To assess the continued and evolving impact of the pandemic, a second supplemental survey was fielded in August. In this August survey, respondents answered questions regarding in-person shopping behavior, their experience using coins, and their cash holdings. Combined with the October 2019 Survey and Diary of Consumer Payment Choice, the April and August supplemental surveys allow us to examine consumers' behavior over time: before, at the beginning of, and during the COVID-19 pandemic.2 Overall, the survey finds that:

  • Cash holdings have increased throughout the pandemic, with an average household store of value held in cash at about $530 in August. Respondents stated that cash held in their pocket, purse, or wallet has remained stable at around $70.
  • The share of respondents who made an in-person payment in the 30 days prior to completing this survey increased to 60 percent, up from 34 percent in April.
  • More than 40 percent of respondents reported switching to making payments online or over the phone for payments previously made in-person.
  • While most consumers using cash received change despite the coin circulation issue, only four percent of respondents reported either depositing coin at a financial institution or a kiosk.

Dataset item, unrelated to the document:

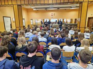 15 października br., oborniccy policjanci odwiedził uczniów Szkoły Podstawowej nr 2 w Obornikach. Podczas spotkania funkcjonariusze rozmawiali o bezpieczeństwie i wzajemnym szacunku do siebie, zwracali także uwagę na zagadnienia związane z zachowaniem się rówieśników, które mogą prowadzić do sytuacji niebezpiecznych. Podczas spotkania mundurowi informowali uczniów w jaki sposób powinni reagować w przypadku gdy są świadkami agresywnych zachowań oraz jak dbać o swoje bezpieczeństwo.
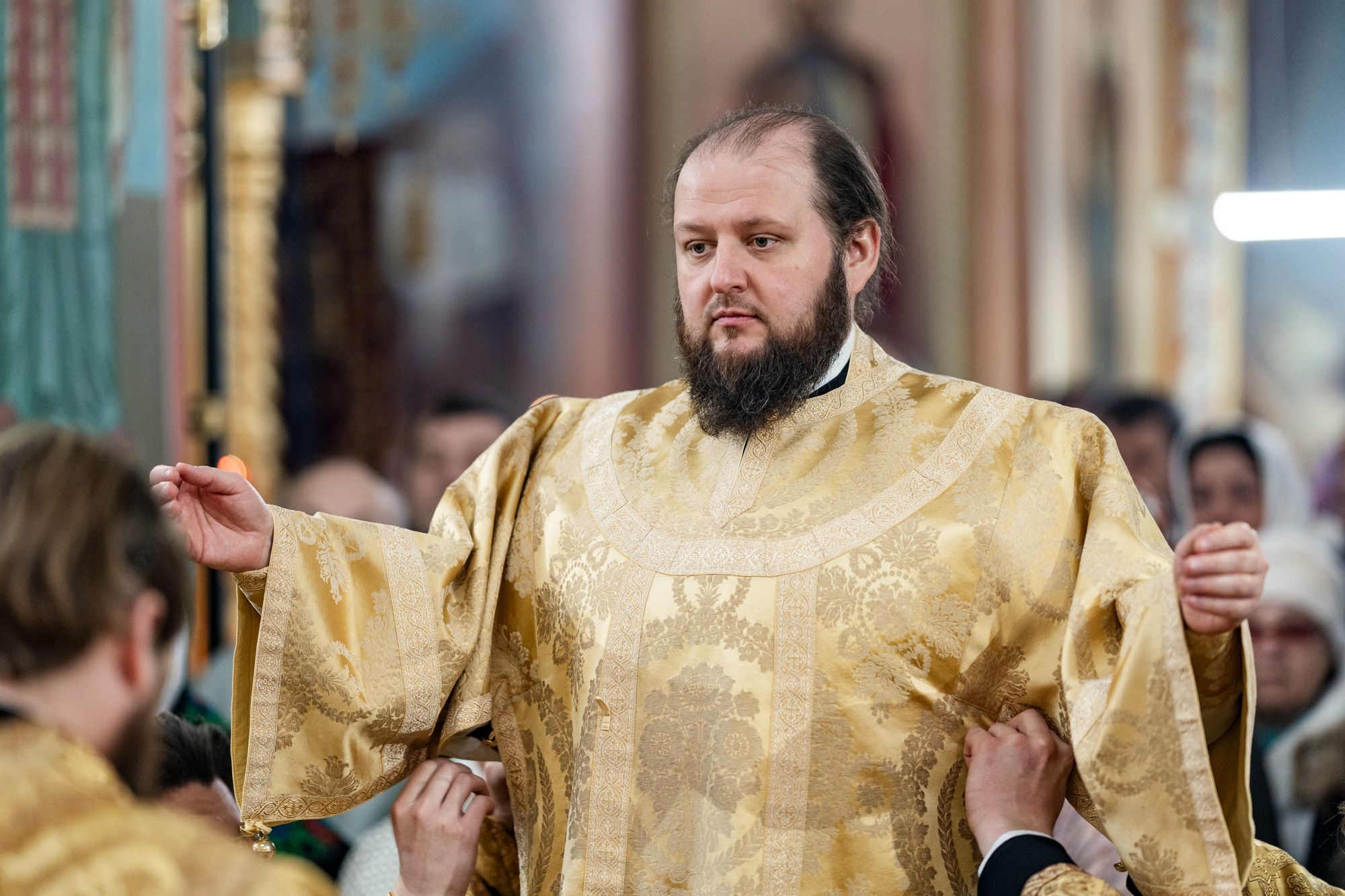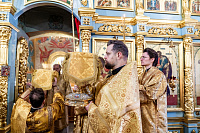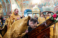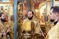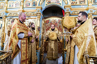 Его Высокопреосвященству сослужили секретарь Подольского епархиального управления, благочинный Чеховского церковного округа и настоятель храма иерей Константин Семёнов, благочинный Серпуховского церковного округа иерей Дионисий Коськин, духовенство Чеховского и Подольского благочиний.

Section 1. Individual cash holdings remain elevated

Store of Value Cash Increases as Pandemic Continues

On March 13, 2020, the President declared a national emergency as a result of the COVID-19 global pandemic. Two weeks later, on March 27, 2020, the CARES Act was signed into law, which provided more than 160 million Economic Impact Payments (EIPs)—worth nearly $275 billion—to many Americans and supplemented weekly state unemployment benefits by $600.3 Between March 13 and the start of the first supplemental Diary survey on April 15, the value of CIC increased by $70 billion. Below we examine the relationship between cash holdings and the increase of CIC as a result of the pandemic and the CARES act.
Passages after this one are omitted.